I've encountered interesting issue doing homework assignment for implementing collections with STL-like iterators. Here's minimal example:
class const_iterator {
public:
const int* const_p = new int();
const int& operator*()
{
return *const_p;
}
};
class iterator : public const_iterator
{
public:
int*& p = const_cast<int*&>(const_iterator::const_p);
int& operator*()
{
return *p;
//return const_cast<int&>(*const_iterator::const_p); //-alt solution, no reference member
}
};
It was my understanding that references are a kind of "syntactic sugar" for a programmer - they work like "aliases", take no memory if necessary, and get optimized out. However, running sizeof() it turns out base class takes 4 bytes, and derived iterator - 8 bytes.

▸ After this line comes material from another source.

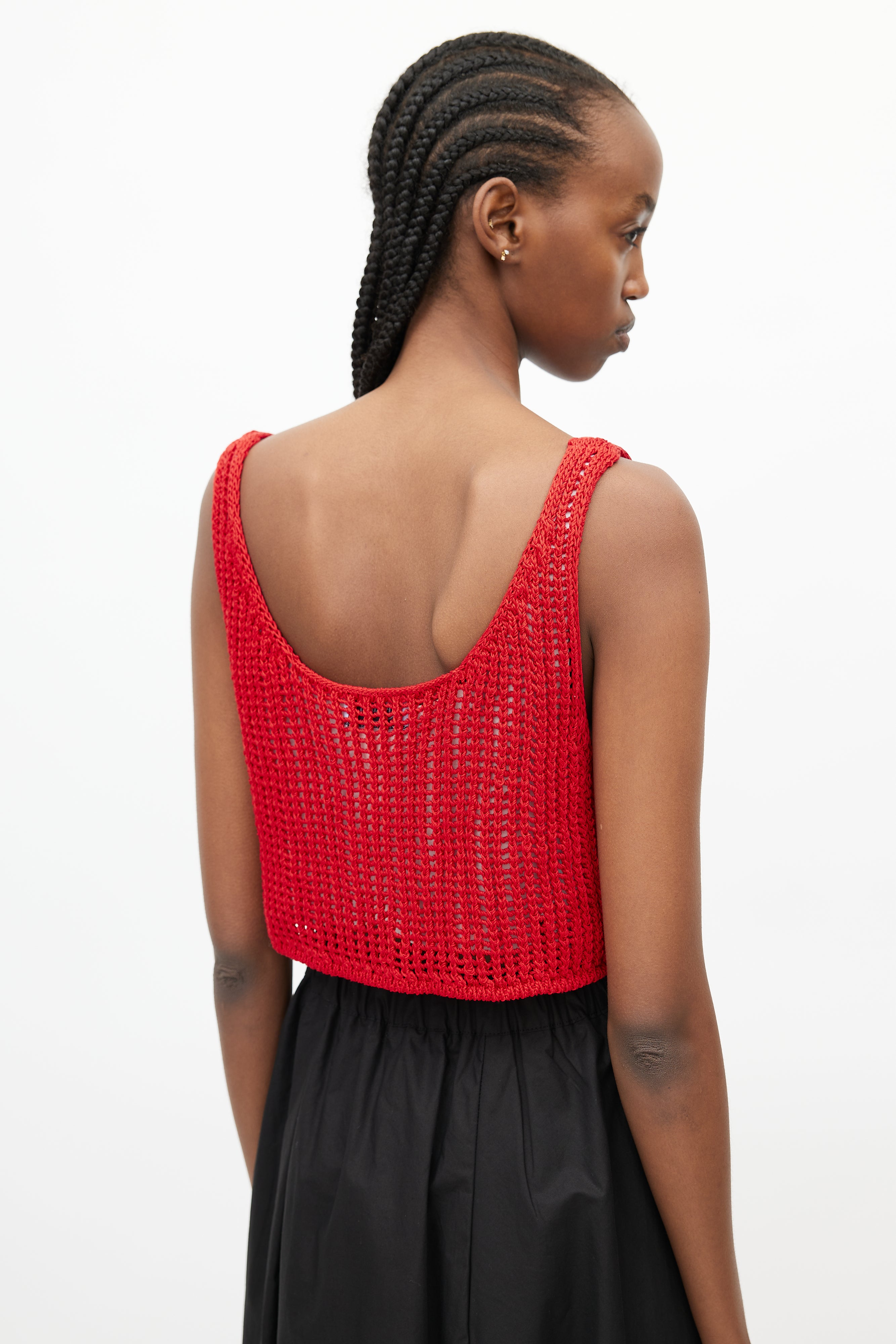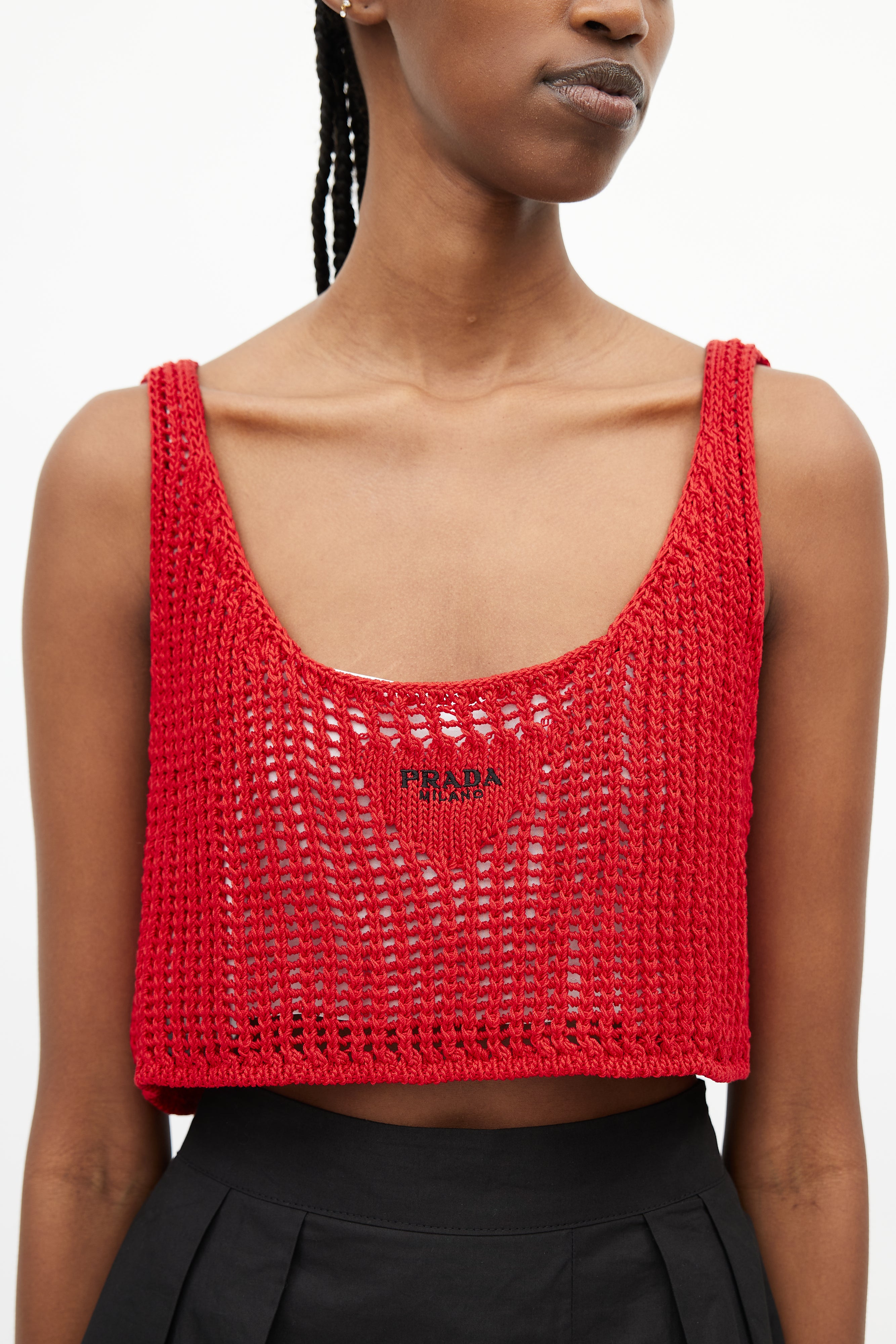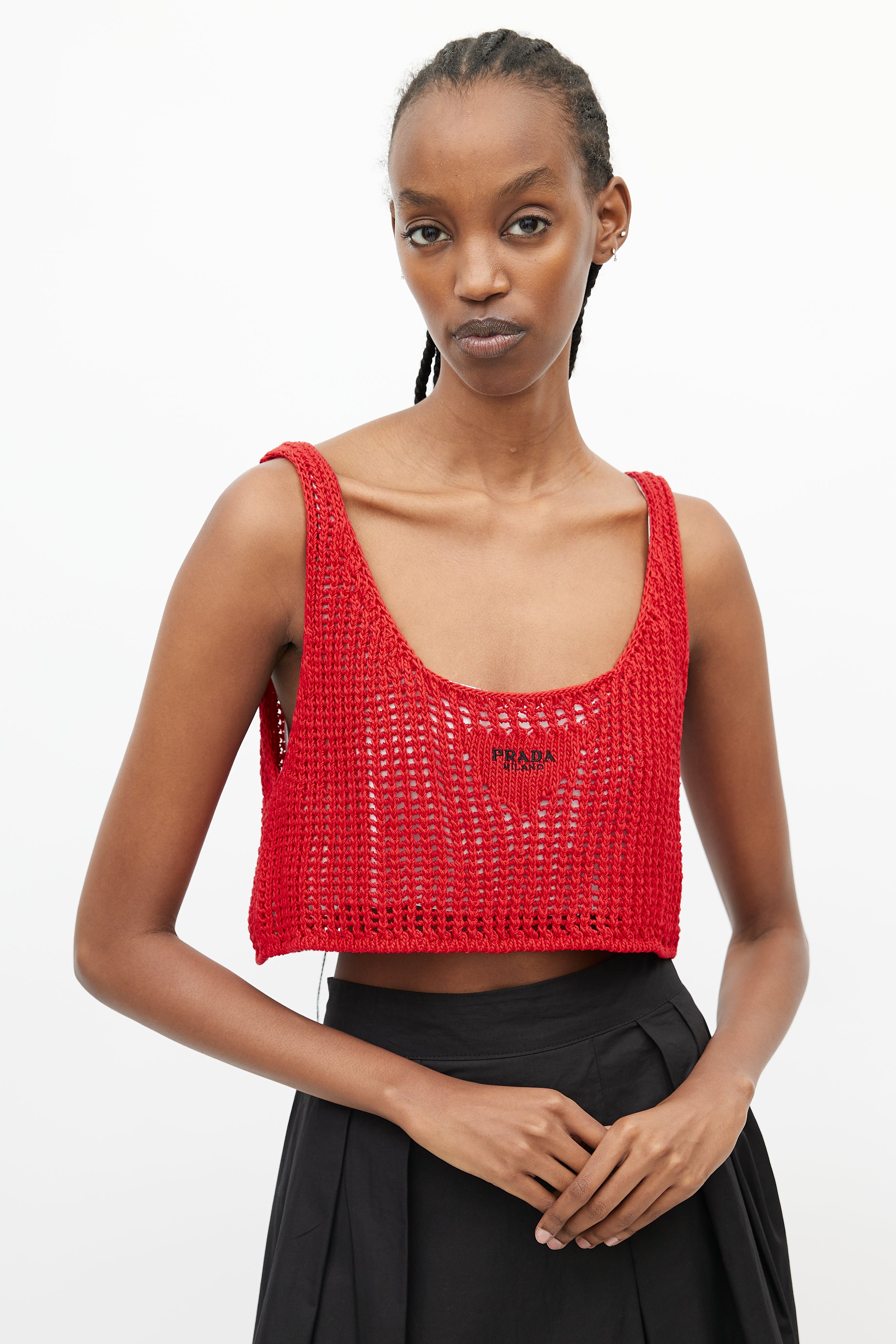 Pre-owned Prada red top featuring fixed shoulder straps, crew neckline, black logo intarsia, and crochet mesh. Comes with attached white tank underneath.

Fiddling some more, I've found that reference members always take 4 bytes. Even if - as in this case - they point directly to a member of base class. I don't see a reason why compiler would keep them as a pointer here? If we can access this reference than surely we can access the object it's refering to?
Furthermore, references declared as local variables in function scope also add additional instructions in the disassembly - that was obviously inspected without any optimizations and all debug symbols included. Do those get optimized away in Release builds?
int main() {
auto& amIAnAliasOrDoIExist(Long::Qualified::Very<Nasty>.Name);
return amIAnAliasOrDoIExist;
}
Is reference ever a "pure alias" (taking no memory in stack/heap)? Under what circumstance can compiler optimize reference variable in such a way? What does standard have to say about it?
Also, since declaring such reference member wastes space (in my homework), is there any performance hit with doing const_casts at every call to operator*()?